Reproduce exactly the lines from the start of the records through the line containing "1 โคม แกะช้าง", both included. Leave the pictures out.

===============

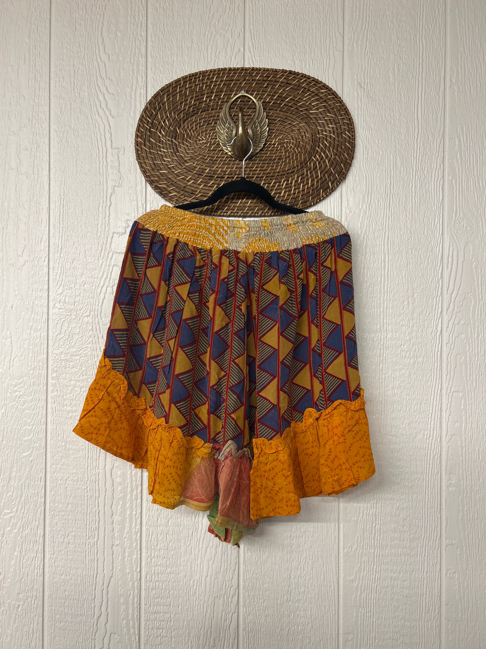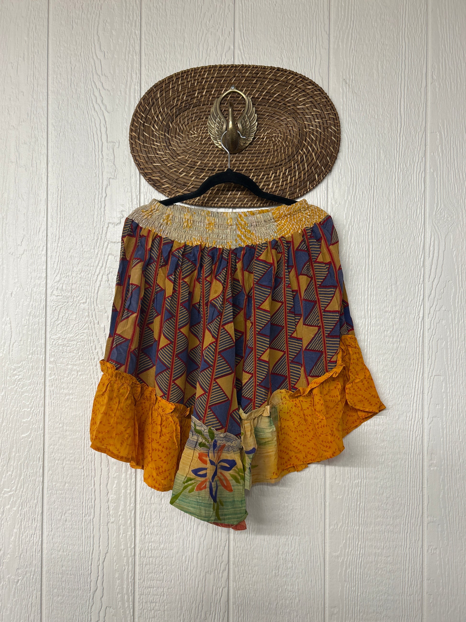 Crafted from vintage crepe sari, our Lover Cropped Culotte features interior pockets, a ruffle hem, stretchy kantha waist and hits at the knee.
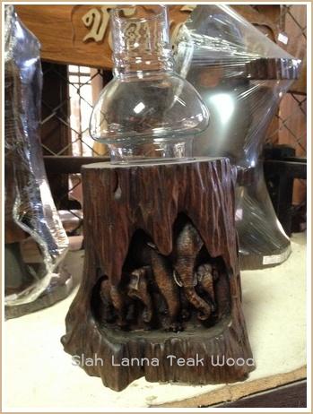 / เชิงเทียนไม้สัก 1 โคม แกะช้าง
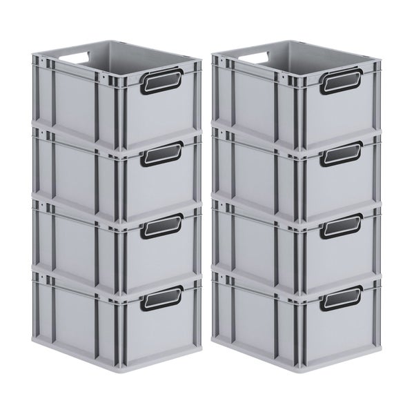 PROREGAL SuperSparSet 8x Eurobox NextGen Color, HxBxT 22x30x40cm, 20 Liter, Griffe schwarz offen, Grau, Eurobehälter, Transportbox, Transportbehälter, Stapelbehälter
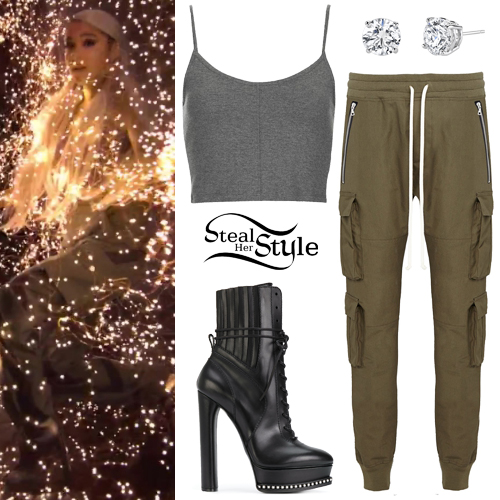 In another shot Ariana is seen wearing a Topshop Petite Strappy Seam Bralet (Sold Out), Alexander Wang High-Waisted Multi-Pockets Trousers ($748.00), Harry Kotlar Classico Diamond Stud Earrings ($39,760.00) and Casadei City Rock Platform Ankle Boots (Sold Out).
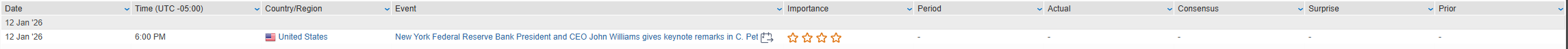Geopolitical risk remains elevated, with growing protests in Iran, Trump comments about potential U.S. options (briefing expected Tuesday), possible new Russia sanctions, and ongoing Greenland-related diplomacy. Despite today’s pullback, pro-cyclical rotation and market broadening remain a dominant early-2026 narrative. The week ahead is heavy with catalysts, including the start of Q4 earnings, December CPI, extensive Fed speak, and a possible SCOTUS ruling on IEEPA tariffs midweek.
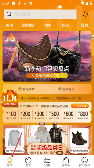 1、首頁(yè)雙11狂歡節(jié),新季熱門(mén)包袋大牌低至7折,有奢品養(yǎng)護(hù)、在線鑒定服務(wù),服裝鞋靴超級(jí)品類日活動(dòng)。
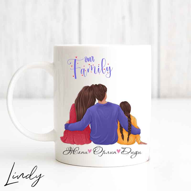 Персонализирана чаша за подарък “Семейство с момиченце”
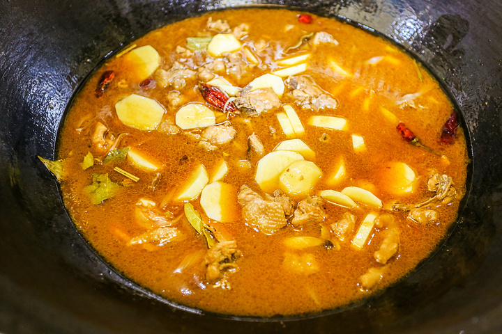 服务员先将秘制的酱料倒入锅中爆炒,弄得香气四溢。然后再倒入已经提前烧制好的土鸡,弄得我们垂涎欲滴。之后我们便开始疯狂进食,其间慢慢地添加蔬菜类的食物,个个都吃得超级满足。还真无法否认,土灶烧出来的食物,味道就是和天然气烧出来的不一样,更加醇香。
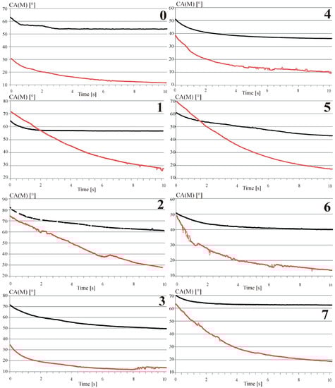 The contact angle characteristic as a function of time for the base (black) and hydrothermally treated surfaces (red) marked in accordance to sample composition. (0): Mg pure—Reference sample; (1): Mg4Y5.5Dy0.5Zr; (2): Mg4Y5.5Dy0.5Zr + 5%BG; (3): Mg4Y5.5Dy0.5Zr + 5%BG + 1%Ag; (4): Mg1Zn1Mn0.3Zr; (5): Mg1Zn1Mn0.3Zr + 5%HA; (6): Mg1Zn1Mn0.3Zr + 5%HA + 1%Ag; (7): Mg1Zn1Mn0.3Zr + 10%HA.

===============

Answer to this problem
 Crafted from vintage crepe sari, our Lover Cropped Culotte features interior pockets, a ruffle hem, stretchy kantha waist and hits at the knee.
 / เชิงเทียนไม้สัก 1 โคม แกะช้าง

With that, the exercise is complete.